Under questioning by Coombs as to what “erratic behavior” entailed, Choike said, “His acting out, playing peek-a-boo, licking the bars of his cell, dancing, erratic dancing. Those are the ones I recall.” Coombs asked whether he could imagine that someone confined to a 6-by-8-foot cell might dance to keep his mind occupied. “I suppose so,” Choike replied.

 

Coombs released documents earlier this year in which Lieutenant General George Flynn, a three-star general at the Pentagon, stated that “we will do whatever we want to do” with Manning. The defense team is seeking to establish that orders relating to the young soldier’s mistreatment came from higher up the military chain of command.

 

Evidence introduced Tuesday revealed the direct role of the Pentagon in Manning’s treatment and the way his case was presented to the public. In one email to brig officials read out during the hearing, Flynn stressed the need as Manning was transported to Quantico in July 2010 “to be proactive and make sure we hold the moral high ground if this issue takes hold in the press.”

 

An email from Choike to his subordinates emphasized that Flynn was to be informed of any change in Manning’s status “for his consideration,” adding that Flynn “wouldn’t put anything in writing.” In the same email, Choike stated that Flynn “will have to determine the political impact, media interest, legal ramifications and senior leadership reactions—and he can’t do that without us informing him.”

 

Such communiqués reveal that the abuse was part of a deliberate effort to break Manning’s resolve at the behest of the Obama administration.
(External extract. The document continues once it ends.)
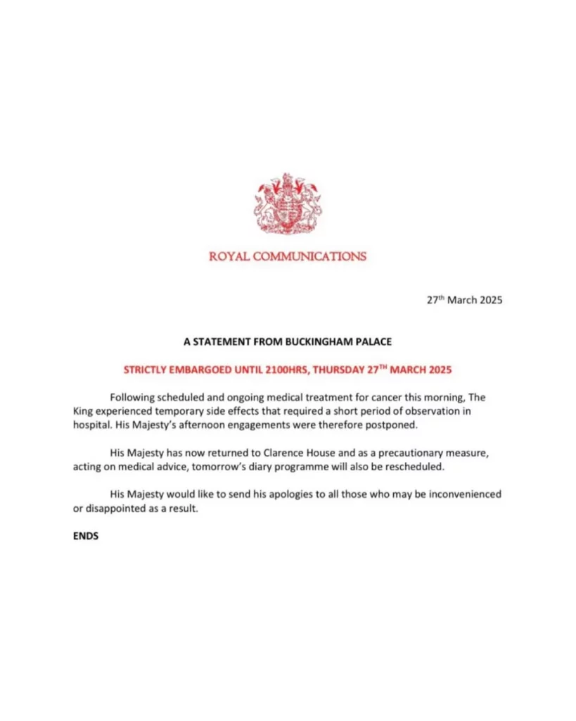 Υπενθυμίζεται ότι το Μπάκιγχαμ ανακοίνωσε πως ο 76χρονος μονάρχης υποβλήθηκε την Πέμπτη 27 Μαρτίου σε «προγραμματισμένη και συνεχιζόμενη ιατρική θεραπεία για τον καρκίνο», μετά την οποία παρουσίασε παρενέργειες που απαίτησαν «βραχεία περίοδο παρακολούθησης» στο νοσοκομείο.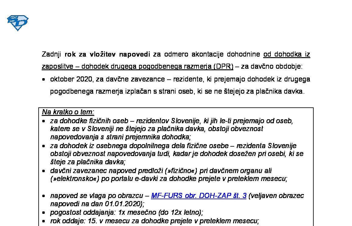 Sprememba predhodne AkDoh / AkDoh od dohodka iz dejavnosti za leto 2026 (obračun DOHDej) med davčnim letom 2026-10-01 00:00:00

The White House, which has been carrying out a witch-hunt of WikiLeaks founder Julian Assange for more than two years and secretly preparing to put him on trial, is seeking to use Manning against Assange and WikiLeaks.

 

Despite the political magnitude of the case, only a handful of journalists were present Tuesday. The most detailed reports have come from bloggers and independent journalists supportive of Manning.

 

Kevin Gosztola, writing at firedoglake.com, noted that more reporters were covering the proceedings than before: “For the first time in months, one has to have more than two hands to count media present.” Over the past two years, mainstream US media coverage of the case has been limited almost completely to brief wire reports.